Uses of isotype controls in vivo
When performing in vivo experiments, isotype controls are extremely useful for analyzing cells and tissues by flow cytometry or microscopy. Tissues contain many proteins that antibodies can bind to non-specifically. Using an isotype control antibody helps determine the level of background signal in your experiment. Samples labeled with the isotype control can then be compared to those labeled with the specific antibody. Any signal greater than the isotype control is likely due to specific binding of the target antibody.
Isotype controls for human studies
For experiments involving human samples, choosing the right isotype control is critical. Since the test antibody and isotype control are both mouse antibodies, they could cause false positive signals by binding to human anti-mouse antibodies (HAMA) present in patient samples. Using a mouse antibody with the same isotype but different specificity helps control for these effects. An IgG1 control is standard for human IgG1 antibodies, but for other subtypes like IgG2 or IgM, an antigen-specificity matched control provides even better specificity.
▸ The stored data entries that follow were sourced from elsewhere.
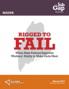 Rigged to Fail – Maine Posted byAJS adminMay 21, 2015Posted in2015 Pubs, Allyson Fredericksen, Economic Justice Pubs, Job Gap Rigged to Fail: When State Policies Suppress Workers’ Ability to Make Ends Meet March 2015 By Allyson Fredericksen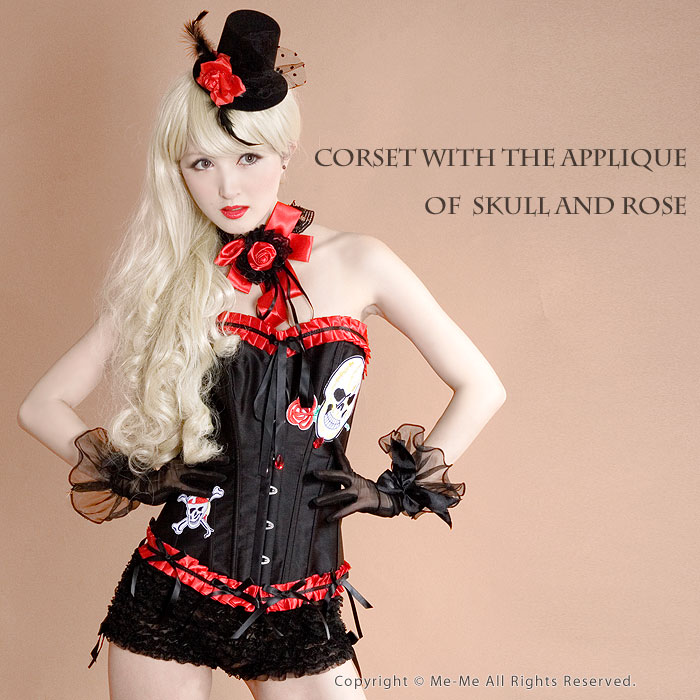 ◇【コルセット 編み上げ ビスチェ】Gストリング付き♪ローズ&スカルアップリケのコルセット [sl5255] (ブラック)/ミーミー☆コスプレ☆ゴスロリ◎5400円(税込)以上で【送料無料】も!くびれGet♪腰痛にも♪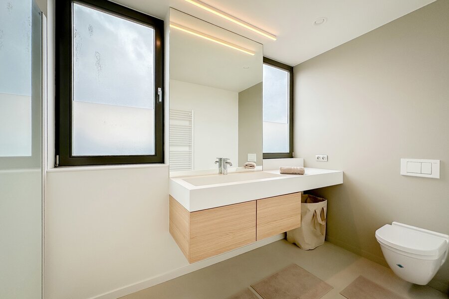 Op de bovenverdieping bevindt zich een ruime tweede slaapkamer met aangrenzende douchekamer en toilet. Deze tweede slaapkamer is 19m² groot en kan indien gewenst gebruikt worden als multifunctionele ruimte.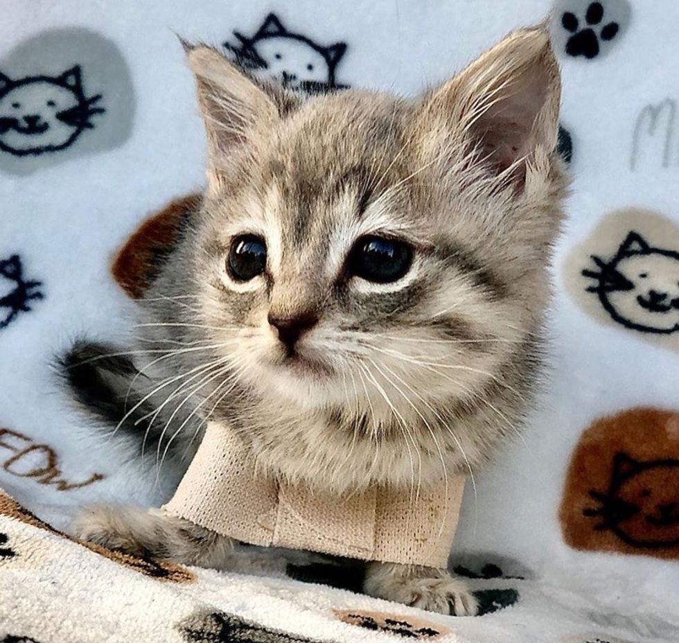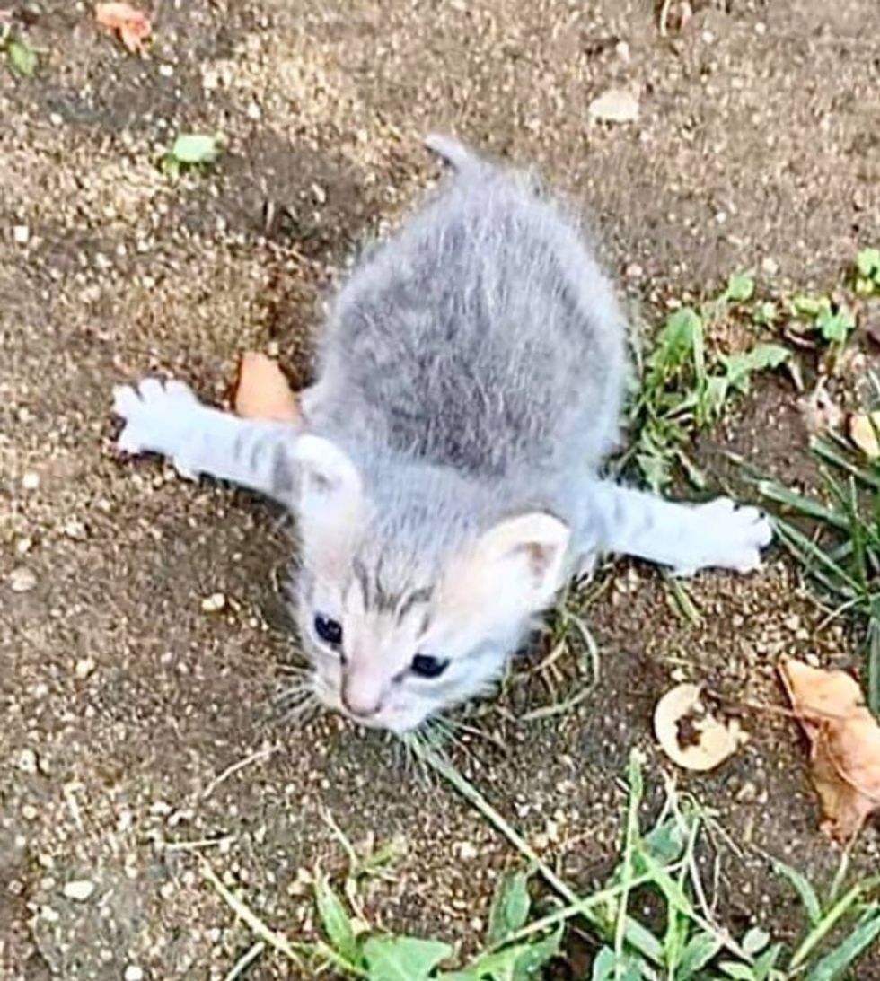 A gray kitten was found outside, struggling to walk. Her front legs were splayed out to the sides as she tried to move around. A Good Samaritan scooped her up and reached out to a local rescue in North San Diego County, California, for help.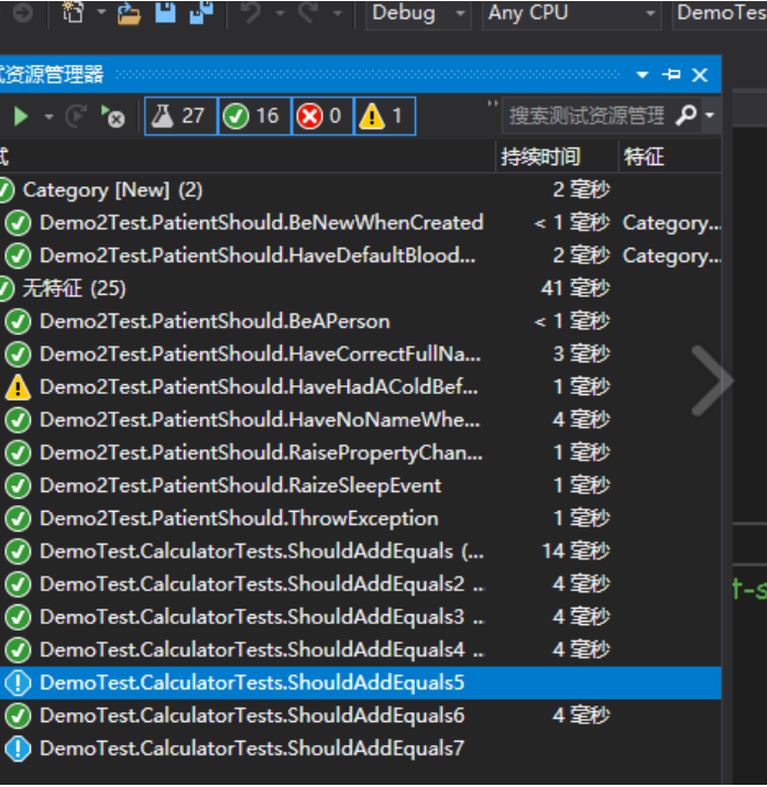 [Fact] [Trait("Category", "New")] public void HaveDefaultBloodSugarWhenCreated() { var p = new Patient(); var bloodSugar = p.BloodSugar; Assert.Equal(4.9f, bloodSugar,5); //判断是否相等 Assert.InRange(bloodSugar, 3.9, 6.1);//判断是否在某一范围内 }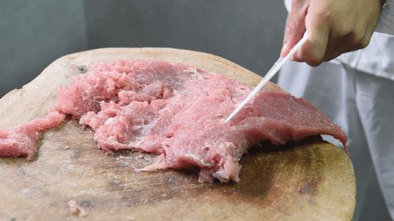 首先,按照肉的纹理将它们片开,为接下来的工序做准备。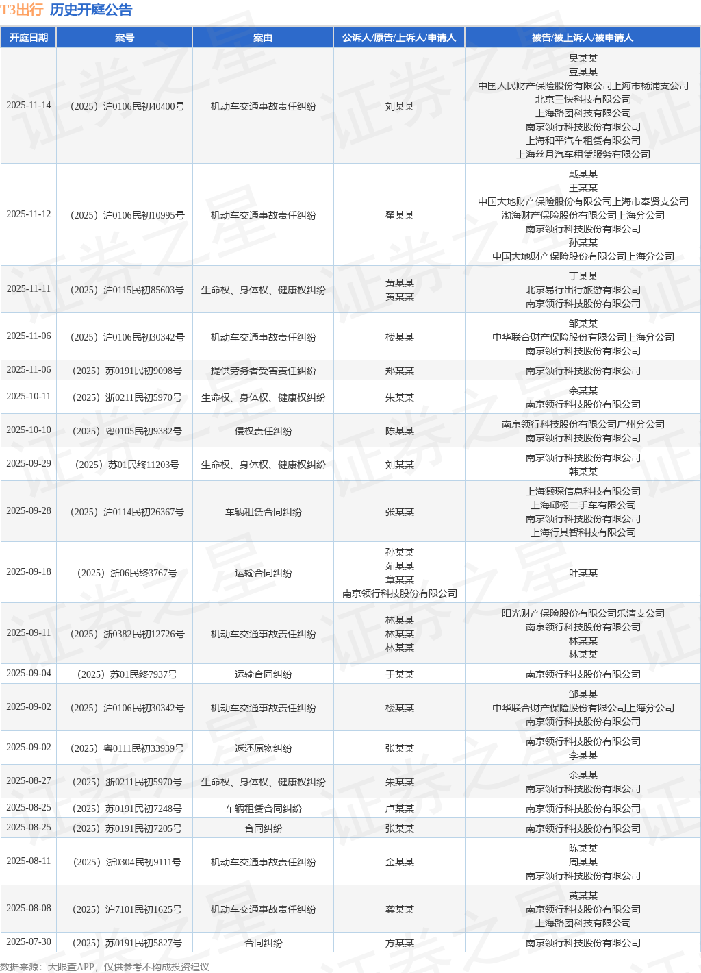 案号:(2025)粤0105民初9382号根据统计,近一年内以南京领行科技股份有限公司为当事人的历史开庭公告有96则,其中案由为“机动车交通事故责任纠纷”的公告以34则居首,其次为“合同纠纷”有19则,“生命权、身体权、健康权纠纷”有8则。历史开庭公告(前20条)如下: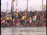 Triveni Sangam is the 'confluence' of three rivers. The point of confluence is a sacred place for Hindus. A bath here is said to wash away all of one's sins and free one from the cycle of rebirth. Triveni Sangam, in Prayag (Allahabad) has two physical rivers Ganges, Yamuna, and the invisible or mythic Saraswati River. The site is in Prayag, India.<br /><br />Allahabad built on a very ancient site of the Aryans formerly known as Prayag, is located at the junction of the holy rivers Ganga and the Yamuna. The city acquired its present name in 1 largest religious gathering in the world, is held every 12 years at the confluence of the holy rivers attracting millions of Hindu devotees. This historically famous city was a centre of the Indian Independence movement and the home of the Nehru family. Today Allahabad is a rapidly growing commercial and administrative city in Uttar Pradesh.<br /><br />Source: http://www.thecolorsofindia.com/kumbh-mela/ardh-kumbh-mela.html<br /><br />This footage is part of the professionally-shot broadcast stock footage archive of Wilderness Films India Ltd., the largest collection of HD imagery from South Asia. The Wilderness Films India collection comprises of tens of thousands of hours of high quality broadcast imagery, mostly shot on HDCAM / SR 1080i High Definition, Alexa, SR, HDV and XDCAM. Write to us for licensing this footage on a broadcast format, for use in your production! We are happy to be commissioned to film for you or else provide you with broadcast crewing and production solutions across South Asia. We pride ourselves in bringing the best of India and South Asia to the world... Reach us at rupindang @ gmail . com and admin@wildfilmsindia.com.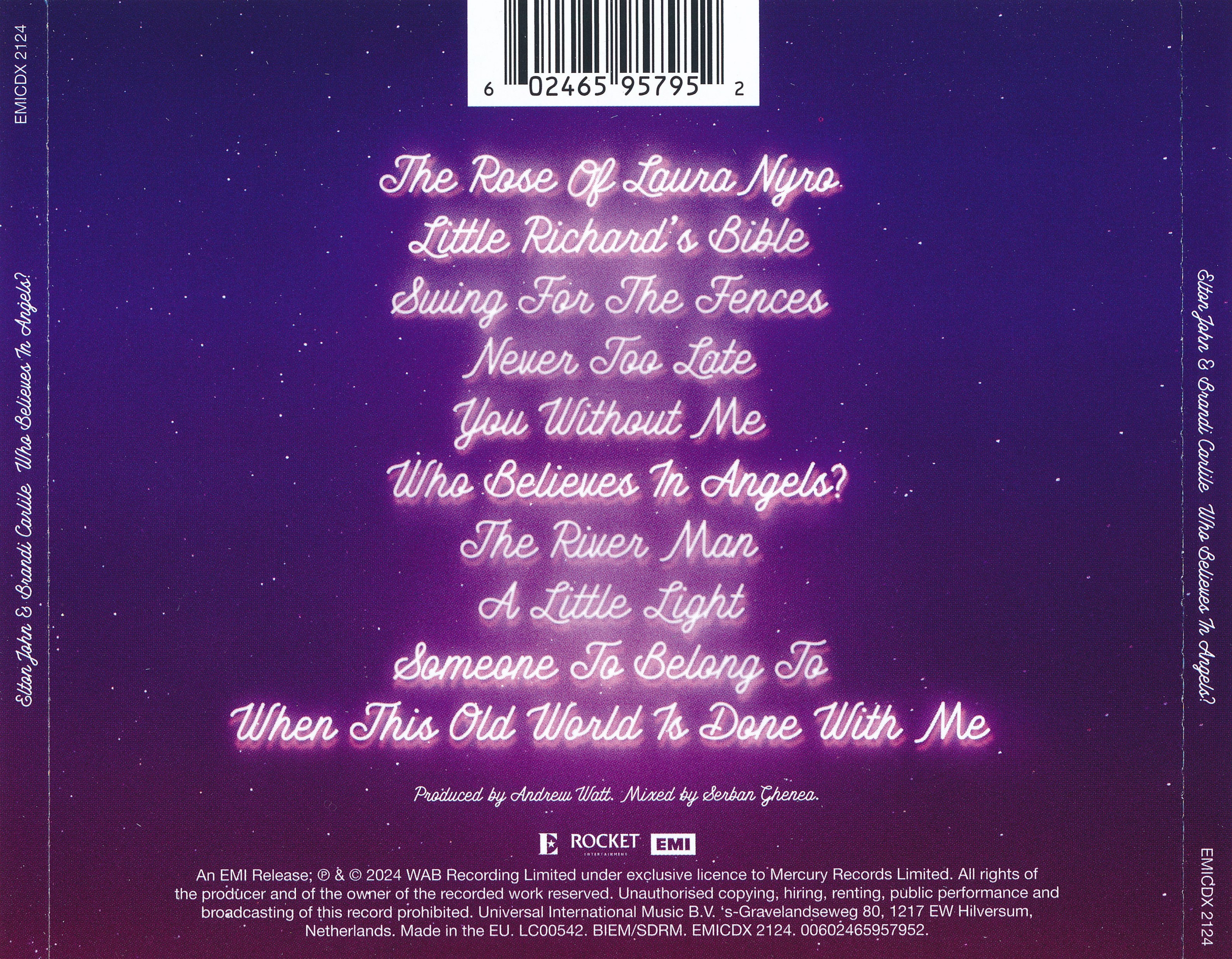 Who Believes in Angels? (Кто верит в ангелов?) - это совместный студийный альбом английского музыканта Элтона Джона и американского музыканта Брэнди Карлайл. Он был выпущен 04 апреля 2025 года через Interscope Records. Альбом продюсирован Эндрю Уоттом и был записан на Sunset Sound Recorders в Лос-Анджелесе. Запись была объявлена 05 февраля 2025 года, наряду с выпуском его заглавного трека. Это тридцать третий студийный альбом Джона и восьмой Carlile.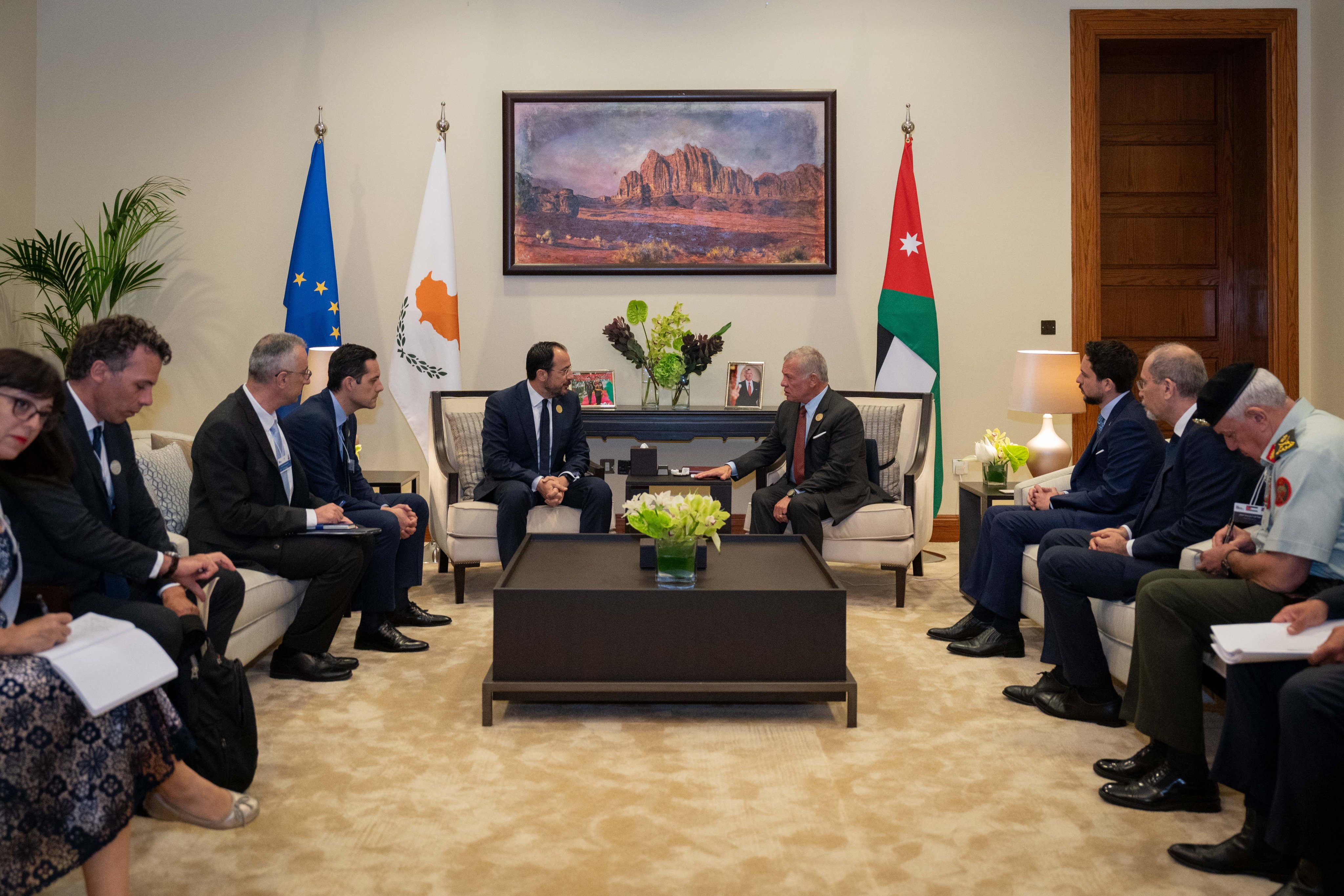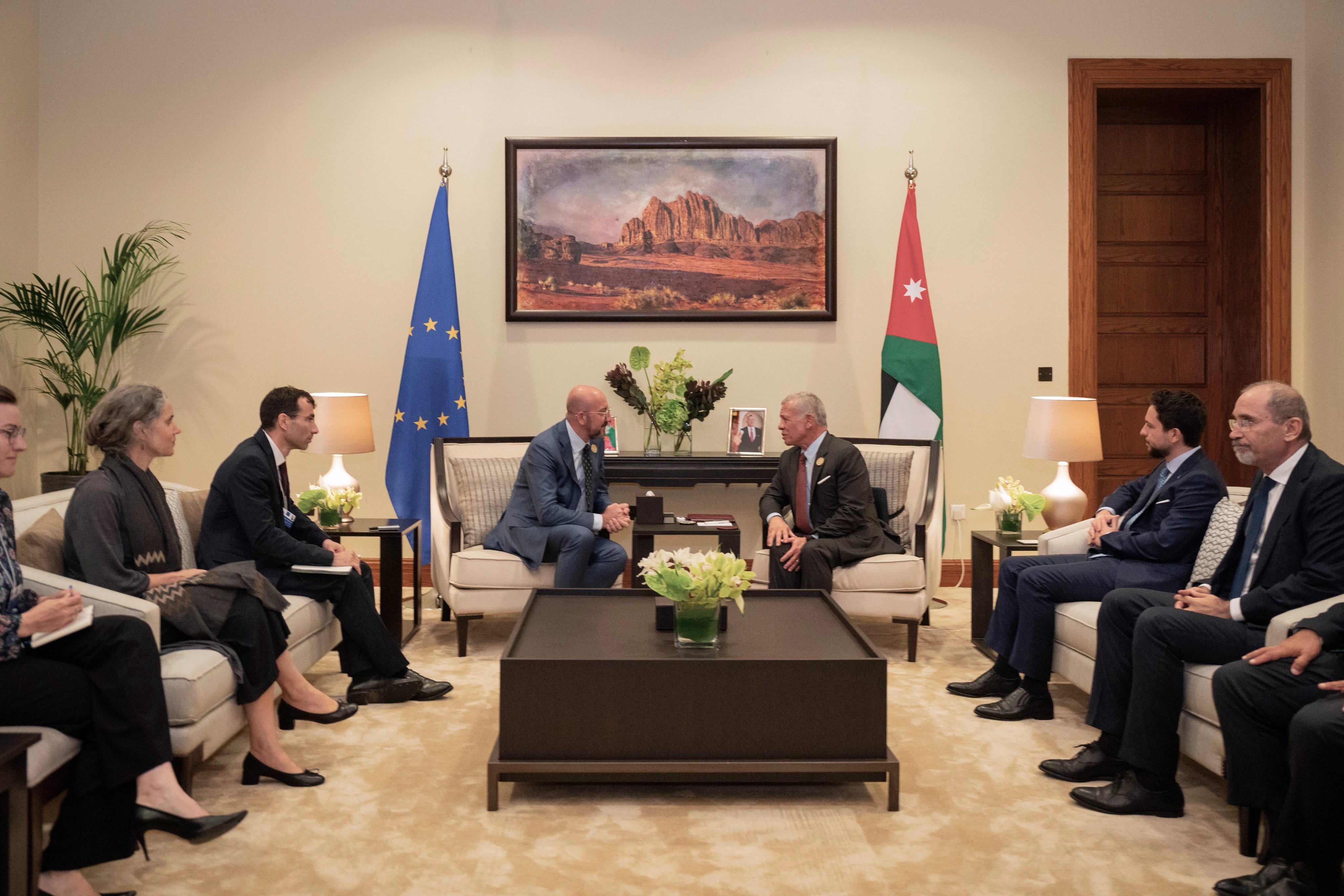Prime Minister Bisher Khasawneh, Deputy Prime Minister and Foreign Minister Ayman Safadi, Director of the Office of His Majesty Jafar Hassan, Chairman of the Joint Chiefs of Staff Maj. Gen. Yousef Hneiti, and General Intelligence Department Director Maj. Gen. Ahmad Husni attended the meetings.

With the right isotype-matched controls, you can effectively identify specific target antibody binding in human samples.
Causes of background staining
Although tissue-dependent, background staining can be attributed to:
- Binding to Fc receptors on target cells
- Cellular autofluorescence
- Non-specific antibody interactions
Mouse antibodies like IgG2a may bind Fc receptors on some human leukocytes, requiring an IgG2a isotype control.